7. Am I offering unwanted advice?
When work is stressful, when a date went poorly, when a longtime friendship hits a rough patch, your child may want to talk to you about it. But they may not be looking for motherly or fatherly advice. They may be seeking out support and a listening ear. They want their pain seen and acknowledged. They want to vent and know that they’re understood and aren’t crazy for feeling the way they feel.
If you’ve found that when you give advice that it’s met with irritation, frustration, or “but…”, it could be that your child is looking to you for support, not solutions. When their phone calls are repeatedly met with unwanted advice, they may pull back. In this pattern, the child can break the cycle by pre-empting the conversation by saying something like, “So I’m feeling pretty frustrated right now, but I’m not looking for advice. Would you mind listening to me and just reassure me that I’ll figure this out?” If a parent wants to be proactive, they can ask something like, “Are you looking for support and a listening ear or do you want advice?”
8. Is there something my child and I haven’t resolved in our relationship?
Adult children may not call often if there is an unresolved childhood hurt.

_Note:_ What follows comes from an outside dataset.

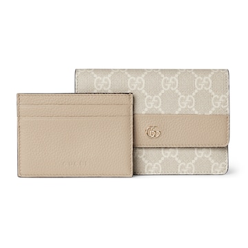 品牌将多种清新色调引入GG Marmont系列。这款钱包以米色皮革与白色和米色GG Supreme匠心打造。标志性双G造型配件令整个设计魅力倍添。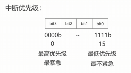 对于我们使用的单片机来说,它用四bit位的二进制数来表示中断优先级,紧急性从按序号的增长由高到低,共分为16个中断优先级:

It can feel easy to downplay the gravity of childhood pain; to parents, these old issues may feel irrelevant or minor. If your child doesn’t call you as often as you’d like or your relationship lacks the closeness you crave, there may be some old wounds that need tending to.
Sometimes, the hardest part about addressing these wounds is the fact that parents and children inevitably recall childhood events through very different lenses. While a parent may remember their own stress, exhaustion, and financial fears, the child may only remember their parent’s aloofness when they came home from school. While a parent may remember arguments with their spouse and the impact it had on the marriage, the child may carry the scars of tiptoeing nervously around the house or trying to keep the peace.
If there are old wounds, be open to discussing them. Listen to your child with the intent to understand their lived experience, not with the intent to respond or explain. Their memory will differ from yours, but each of you experienced that childhood in legitimate ways. With all that parents do for their children, making room for this process can be difficult. But improving a relationship means making room for another’s experience and reality and acknowledging that point of view.
9. How am I communicating my needs to my child?
Sometimes, a pattern of disconnection perpetuates out of habit, but both parties struggle to work their way out of it. When a parent feels disconnected from their adult child, they may deploy guilt tactics to get them to call more. They may blame the child for the parent’s state of being by saying something like, “I feel so lonely when you don’t call. I have nobody to talk to.” A parent may also use comparison: “Your brother calls me every week; why can’t you?” or sense of duty: “I raised you; you owe me a call once per week.” While the guilt often succeeds in the short term, it sows discontent and disconnection in the long term. The child may resent the tactic and distance themselves, which leads the parent to turn back to guilt to reconnect once again.
It may be time for a new way of speaking to your child. Parents may need to acknowledge their past tactics while explaining that it comes from a deep love for the child, a desire to be part of their life, and a fear that they will be left out.
The Hard Questions
These are hard questions, and they focus on questions that parents can ask themselves if they’re looking for clarity. Ultimately, however, parents and children share the responsibility for communicating their needs effectively, honoring each other’s boundaries, and consistently working on the health of the relationship.